The Subjectivity of the Moral Law in the New Testament

The summer between my junior and senior year of college were terribly confusing times in my personal faith journey. In every sense of the psychological term, I was in a Christian's version of moratorium, and there was little peace in my soul about it all. In desperation, I remember scheduling a lunch with the dean of students, who happened to have some free time. We went out for chinese with the purpose of discussing faith matters over the guise of General Tso's chicken. Quickly, I unloaded all my frustrations with the inconsistencies of the New Testament and my understanding of the mechanistic nature of God on this genial man. Apparently he had heard similar frustrations expressed before and said to me, "A.J., there's another way of reading the New Testament." The comment confused me. I remember sort of titling my head with an inquisitive look on my face that said, "What brand of crazy beans are you sir eating for breakfast?" However, three years later I have an experienced appreciation for what that man meant.

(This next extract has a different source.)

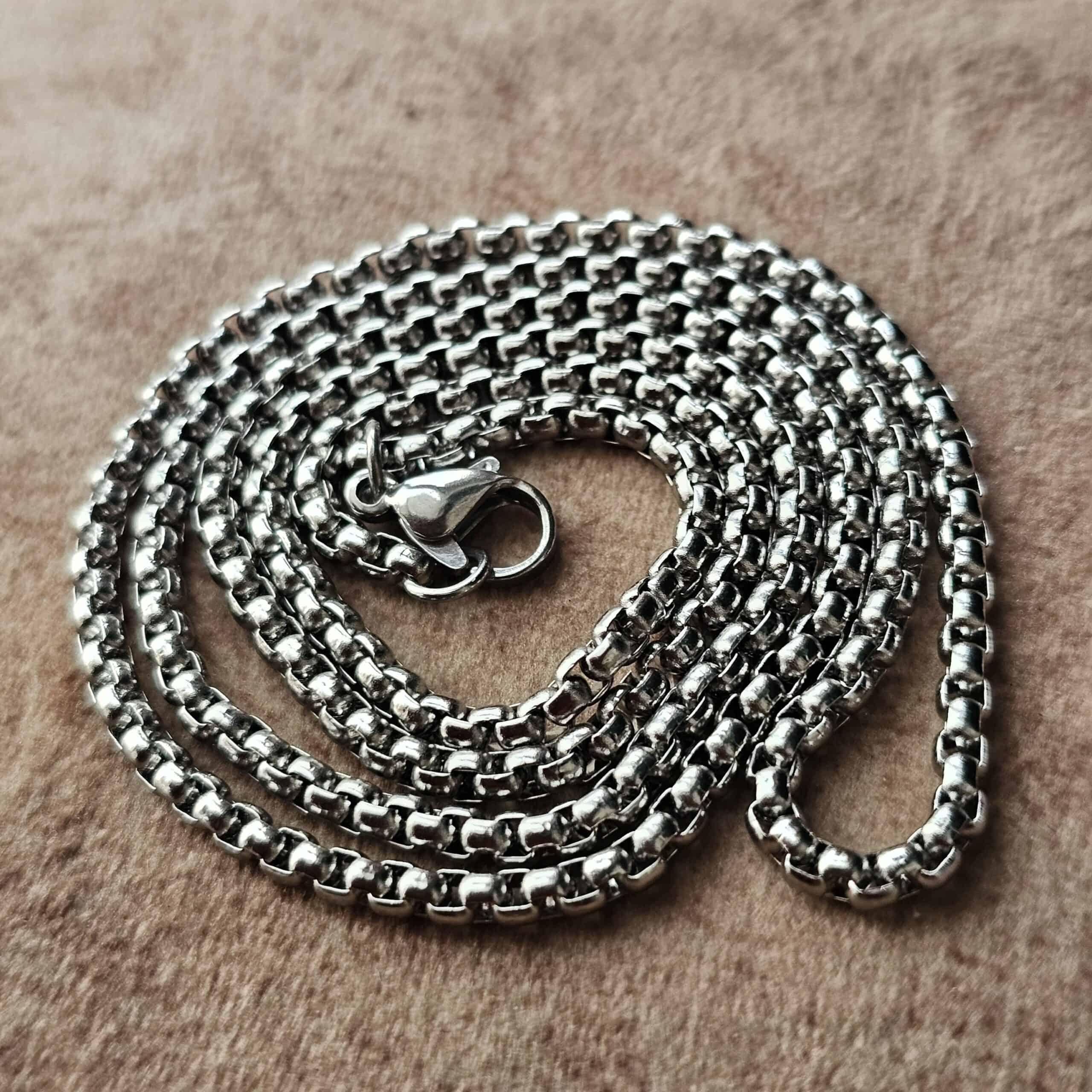 زنجیر استیل طرح ایتالیایی با رنگ ثابت و استحکام بالا؛ مناسب برای استفاده روزمره یا ترکیب با پلاکهای مذهبی و اسمدار.

Recently I've been reading Pete Rollins new book "The Fidelity of Betrayal" and I have only good things to say about it. This blog won't be a synopsis of this parallactically challenging read, but rather an analysis of a question that the book rendered about the subjectivity of the moral law in the New Testament.

By this, I mean to point out the subjectivity by which Christ speaks of the moral law as opposed to the objectivity that Paul speaks of the same moral law. I hear Christ say over and over, as exemplified in Luke 10, that the moral law comes down to loving God and loving neighbors. Yet reading Paul I see a characteristically stringent shift away from Christ's hippie love commandment towards a much more refined perimeters of moral expediency. For example, Paul's letter in 1 Corinthians seems primarily to set the Corinthaisn a walkin' on the moral balance beam which they seemed to have slipped off by the mentions of sexual, inter relational, and economic immorality going on.

The question relates to Pete Rollin's book because in it he challenges the reader, through many interesting and surprisingly literal interpretations of Old Testament theology, to perceive God as an experience as opposed to an object. Personally, I greatly appreciated this insight since it advently reveals "another way of reading the New Testament" like my old dean hinted at. However, it raises a new cadre of questions concerning the moral law in the New Testament. For instance, how can a subjective God outright insist on an objective moral law as it appears God does between Luke and 1 Corinthians? The idea of God as a "verb" or the cosmic mystery sort of implies, in my mind, an equally subjective moral law. Even more preposterously, the idea of God as a verb almost by definition inhibits God from making moral claims since a verb is incapable of doing so. It would be quite difficult for "walking" to stop and say, "Hey! You're walking too fast!" Walking is a verb and is thus lacking the ability to even say anything.

I don't want to downplay the or overlook other aspects of Pete Rollin's book in my arguements here, so if anyone has read this book and could clear up the muddy water, please comment.